[Collected data entries]
- - - - -

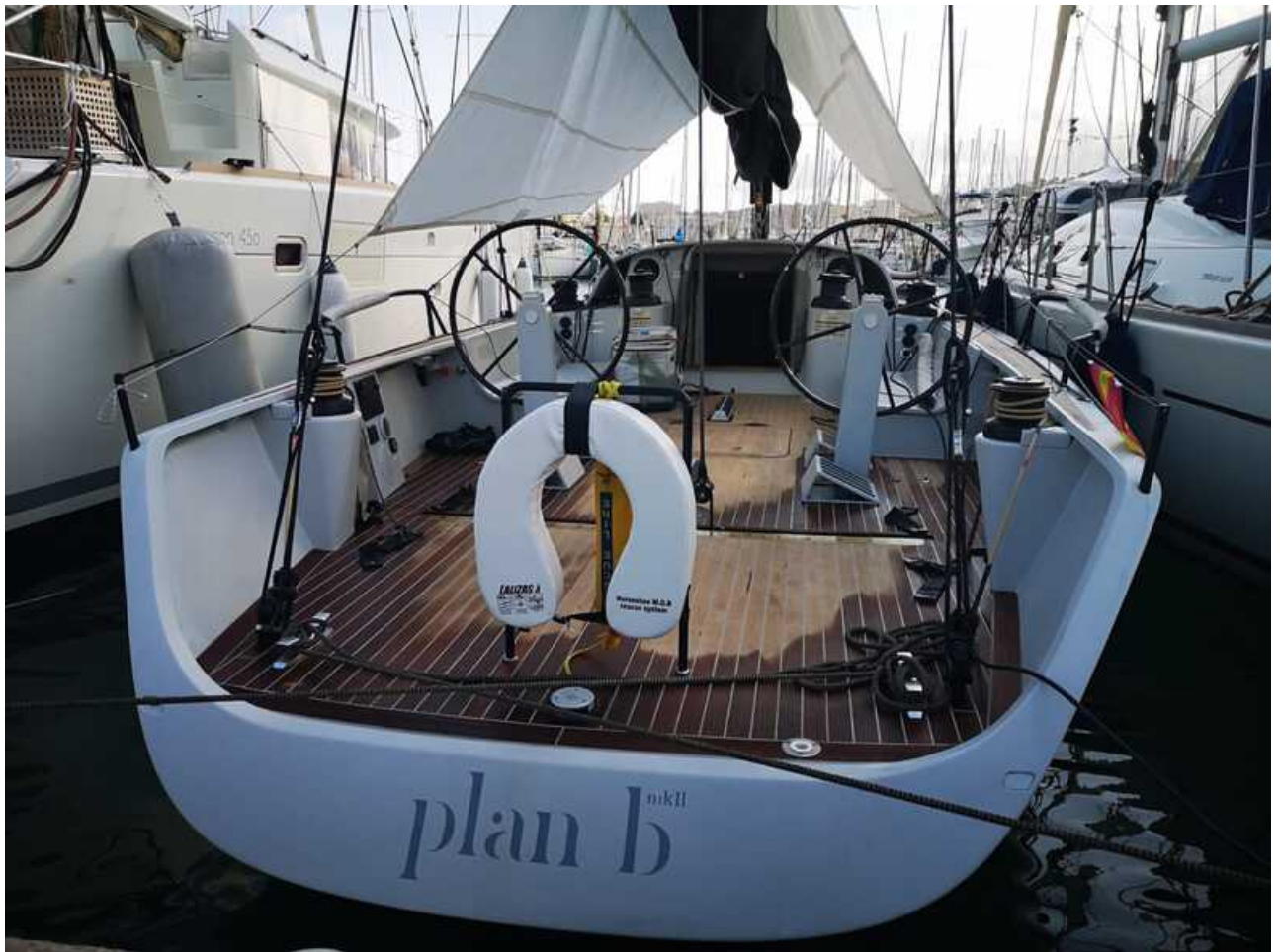
4.jpg 226 KB
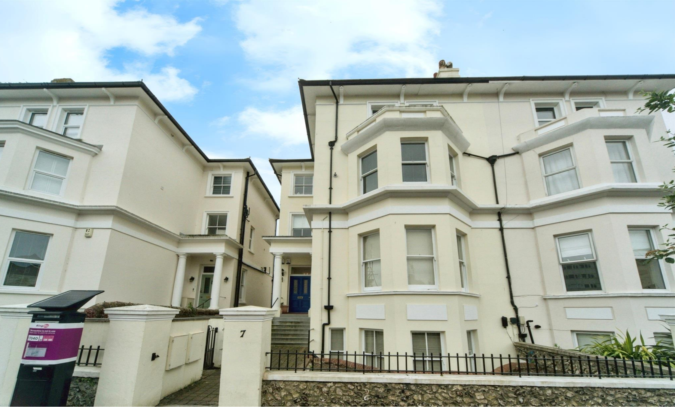
Chiswick Place, Eastbourne BN21 4NH
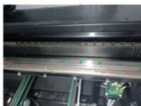
linear guide rail
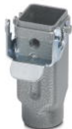
HEAVYCON D7 coupling housing, with single locking latch, height: 60.5 mm, with 1 x M20 gland, zinc die-cast

Please be informed that the data shown in this PDF Document is generated from our Online Catalog. Please find the complete data in the user's documentation. Our General Terms of Use for Downloads are valid ( http://phoenixcontact.com/download )
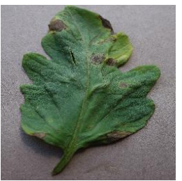
Fig 8: Tomato early Fig 9: Tomato healthy blight
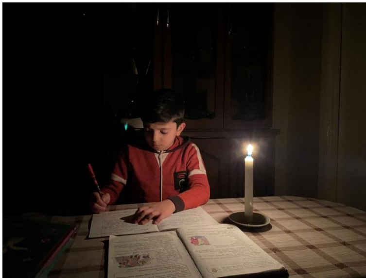
Image 15: A 8-year-old boy forced to complete school work by candlelight due to rolling blackouts
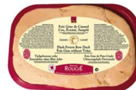
ZCAN027 - kg. 3 Cleaned duck foie gras

"ROUGIÉ" flash-frozen goose and duck foie gras
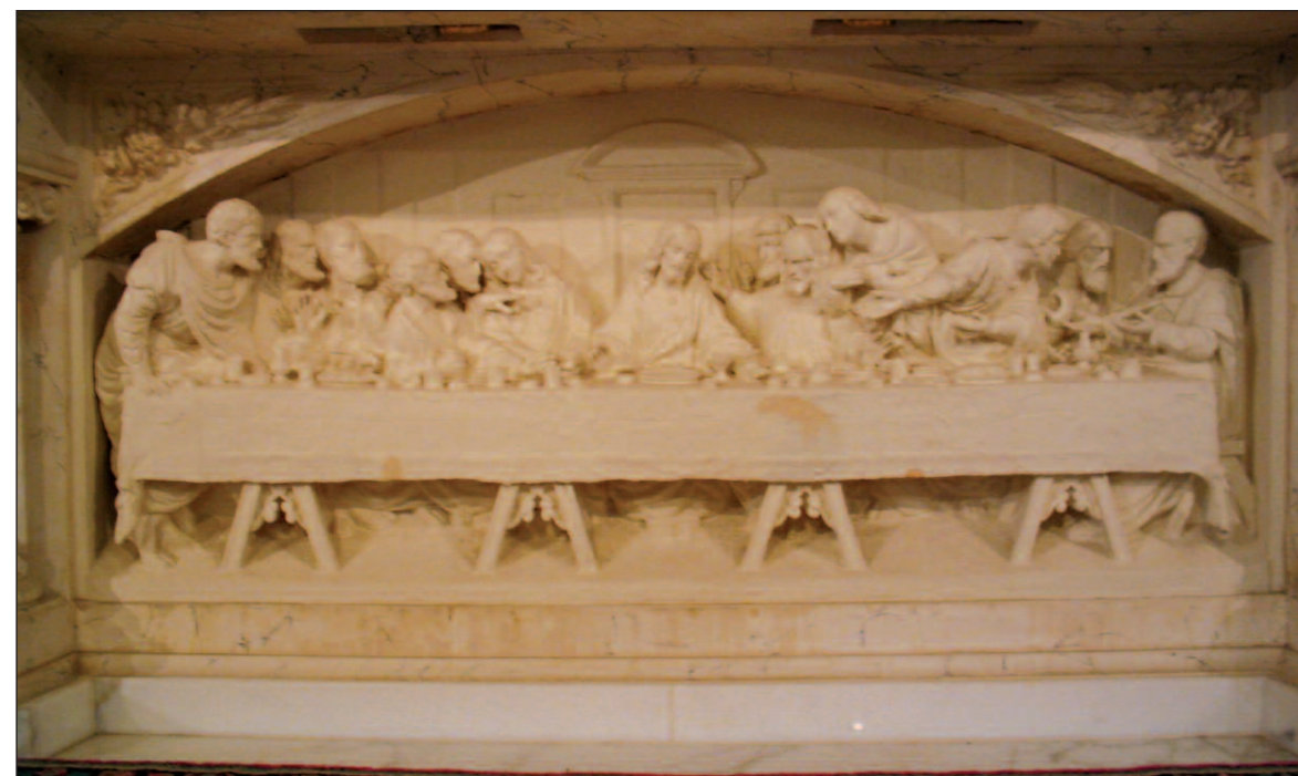
The congregation now has a full view of the bas-relief sculpture of Leonardo Da Vinci's famous painting, "The Last Supper," that graces the front of the altar.
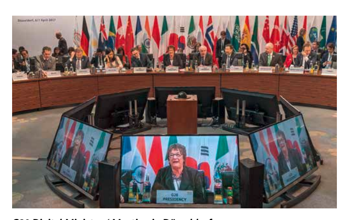
G20 Digital Ministers' Meeting in Düsseldorf

At the first G20 Digital Ministers' Meeting in April 2017, the German presidency sent a clear signal in favor of intensifying international cooperation in the field of inclusive digitalization, with important agreements having been made.
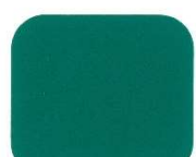
9948 Mid Green
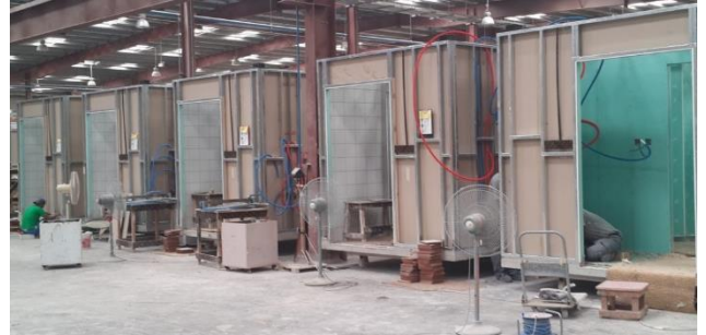
Pre-fab Steel Frame – Toilet Blocks
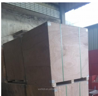
2. Suitable carton size
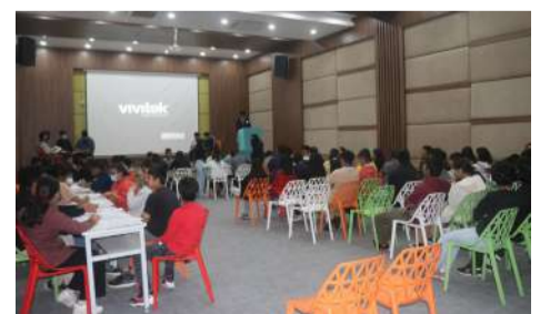
Students participating in Quiz contest.
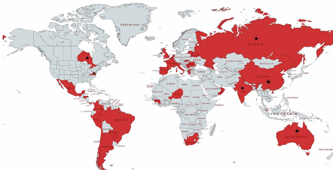
FIGURE 1 Global distribution of the countries/states/regions participating in the study. The following states/territories are covered in the study (★): Australia (New South Wales); Canada (Ontario state); China (Wenzhou and Luzhou); India (New Delhi, Mumbai and Maharashtra states); the Russian Federation (Arkhangelsk, Moscow and Volgograd Oblasts); Switzerland (Vaud county); USA (Virginia state). 21 countries (Argentina, Belarus, Belgium, Brazil, Chile, China, France, Republic of Guinea, India, Italy, Mexico, Niger, Panama, Peru, Portugal, Romania, Russia, Singapore, Spain, Switzerland and UK) reported at least one tuberculosis/coronavirus disease 2019 case in 2020. Other countries (Australia, Canada, Colombia, Greece, Honduras, Lithuania, the Netherlands, Oman, Paraguay, Serbia, Slovakia, South Africa and USA) started reporting from 2021.

The study is based on a prospective, anonymised, multicountry register-based cohort (annex 1). We worked with WHO and the GTN to identify respondents and send invitations to 175 centres in 37 countries [22]. The centres and countries providing data are listed in annex 2 and figure 1; we enrolled all patients (including children and adolescents) notified to these centres between March 2020 (first case reported on 12 March 2020) and June 2021. The questionnaire and process was piloted and has been
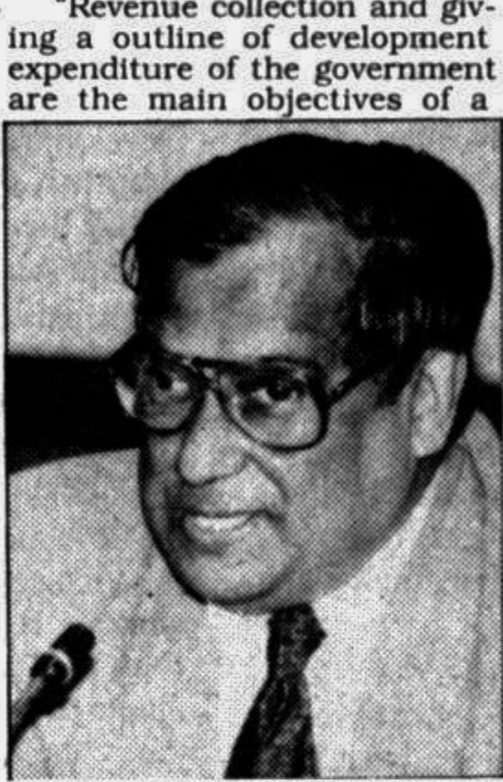
The Finance Secretary ... balancing between good and bad

sizing the government. He said the government should earn the trust of the tax payers who would be clear that no SRO would be issued half way through the year.
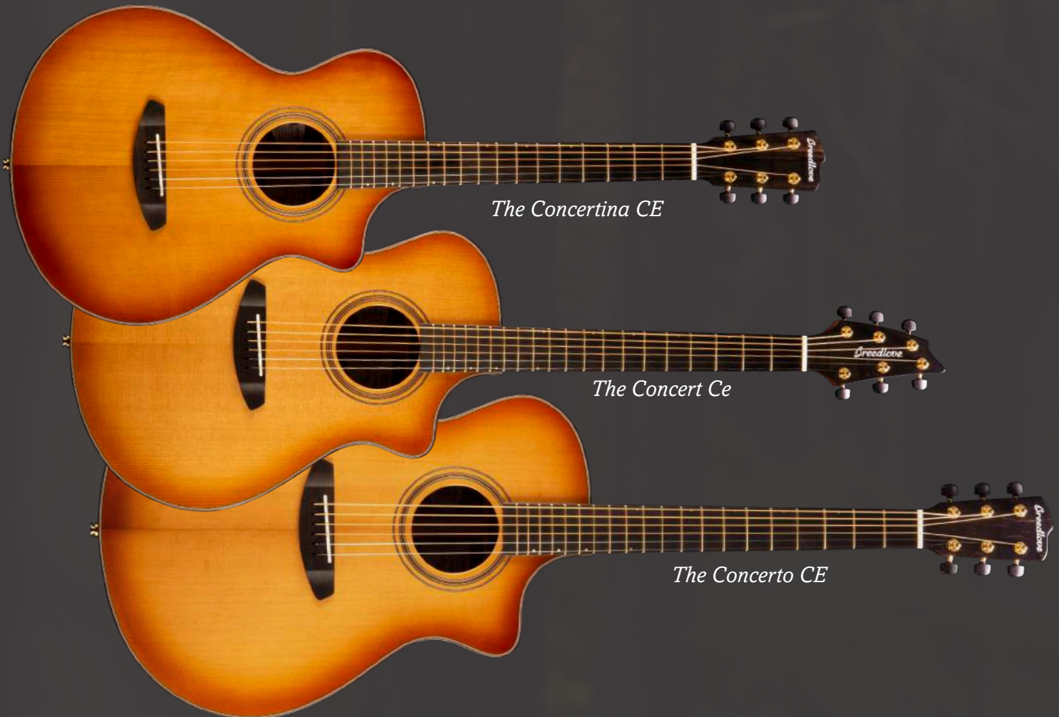
The Concertina CE

Myrtlewood grows in Oregon along a 90 mile stretch of the Pacific Ocean coast. It is Breedlove's favorite tonewood for backs and sides as it delivers surprising energy and extraordinary tonal balance in addition to its highly varied color patterns extenuated by the thin Natural Shadow Burst finish. To further boost the High-Energy sound we have chosen a Hard Rock maple neck, which is denser than mahogany, and an African ebony fretboard and bridge. Of course, the top is torrefied European spruce for the rich aged sound of a guitar built decades ago. Nothing had been spared including brass inlays, gold frets and tuners, Breedlove Natural-Sound Electronics. All Solid Wood & Sustainably Harvested.
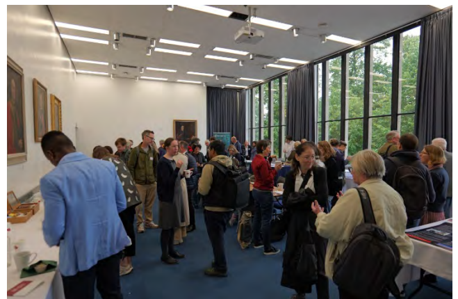
First coffee break
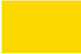
Yellow - DTSW05
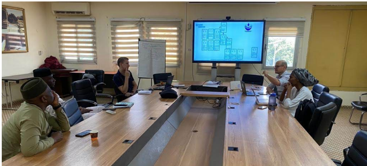
Discussing the organogram of WWx coordination team

Another challenge mentioned was that it was unclear to the mentee what budget was available for the different activities. According to the mentee, it would have been helpful for the teams to know what the available budget for each activity was. It is their wish that in future, there is a clearer understanding of the budget.
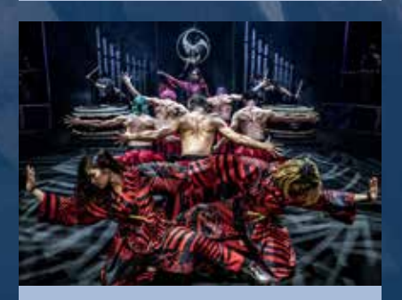
DRUM TAO TUESDAY, MARCH 22 • 7:30 PM
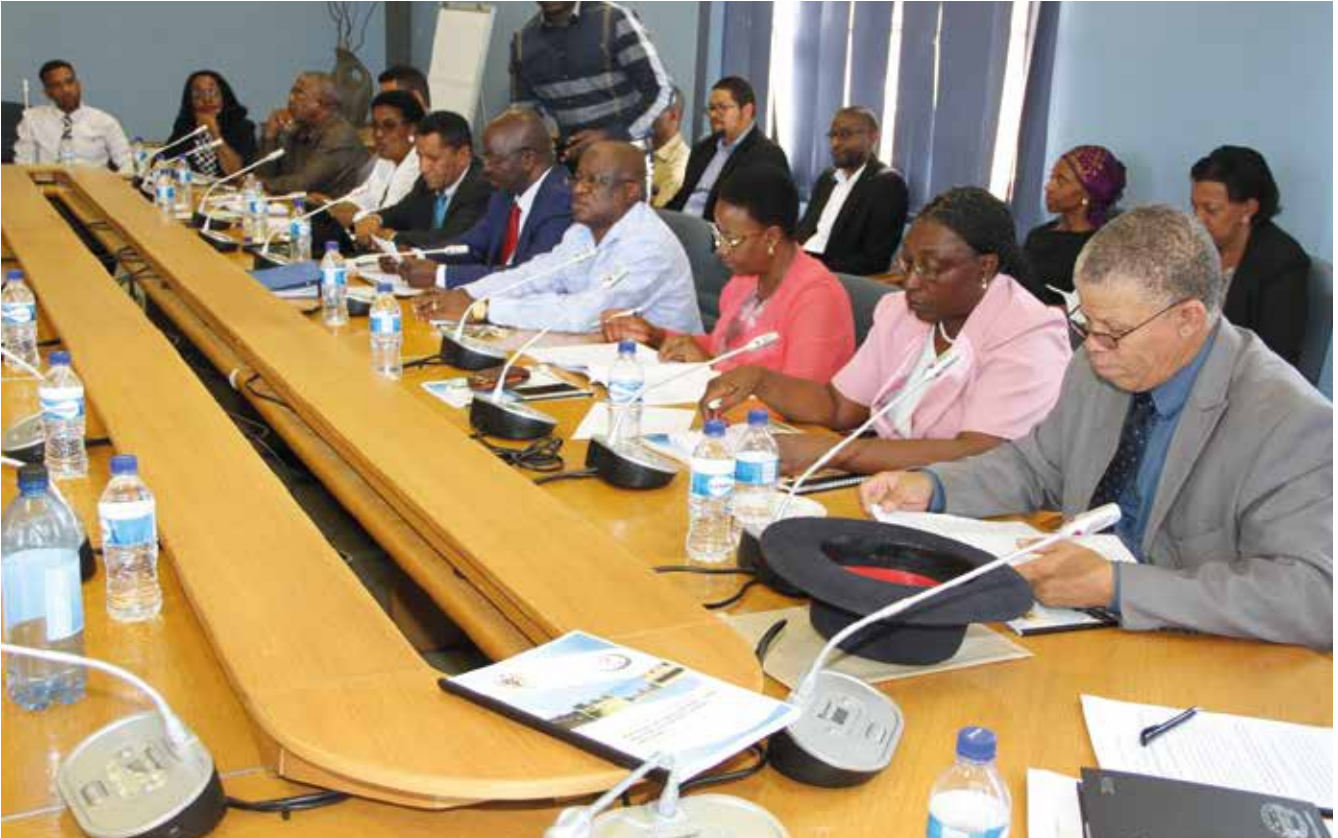
The Parliamentary standing committee on Public Accounts holding a public hearing
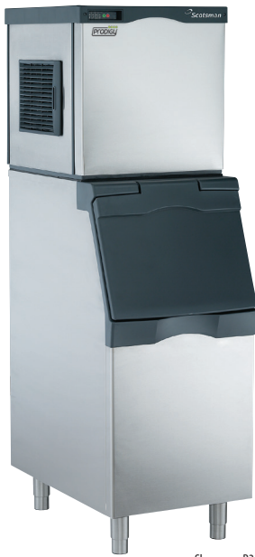
Shown on B3225 bin.
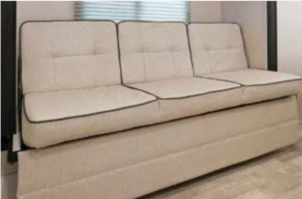
HIGH PERFORMANCE FURNITURE W/PREMIUM UPHOLSTERY

- - - - -

[DIRECTIONS]
Exactly as written above, retype the lines starting at the one holding "At the first" and ending at the one holding "The study is", both included, but not the pictures.

[SOLUTION FOR THIS TASK]
At the first G20 Digital Ministers' Meeting in April 2017, the German presidency sent a clear signal in favor of intensifying international cooperation in the field of inclusive digitalization, with important agreements having been made.
9948 Mid Green
Pre-fab Steel Frame – Toilet Blocks
2. Suitable carton size
Students participating in Quiz contest.
FIGURE 1 Global distribution of the countries/states/regions participating in the study. The following states/territories are covered in the study (★): Australia (New South Wales); Canada (Ontario state); China (Wenzhou and Luzhou); India (New Delhi, Mumbai and Maharashtra states); the Russian Federation (Arkhangelsk, Moscow and Volgograd Oblasts); Switzerland (Vaud county); USA (Virginia state). 21 countries (Argentina, Belarus, Belgium, Brazil, Chile, China, France, Republic of Guinea, India, Italy, Mexico, Niger, Panama, Peru, Portugal, Romania, Russia, Singapore, Spain, Switzerland and UK) reported at least one tuberculosis/coronavirus disease 2019 case in 2020. Other countries (Australia, Canada, Colombia, Greece, Honduras, Lithuania, the Netherlands, Oman, Paraguay, Serbia, Slovakia, South Africa and USA) started reporting from 2021.

The study is based on a prospective, anonymised, multicountry register-based cohort (annex 1). We worked with WHO and the GTN to identify respondents and send invitations to 175 centres in 37 countries [22]. The centres and countries providing data are listed in annex 2 and figure 1; we enrolled all patients (including children and adolescents) notified to these centres between March 2020 (first case reported on 12 March 2020) and June 2021. The questionnaire and process was piloted and has been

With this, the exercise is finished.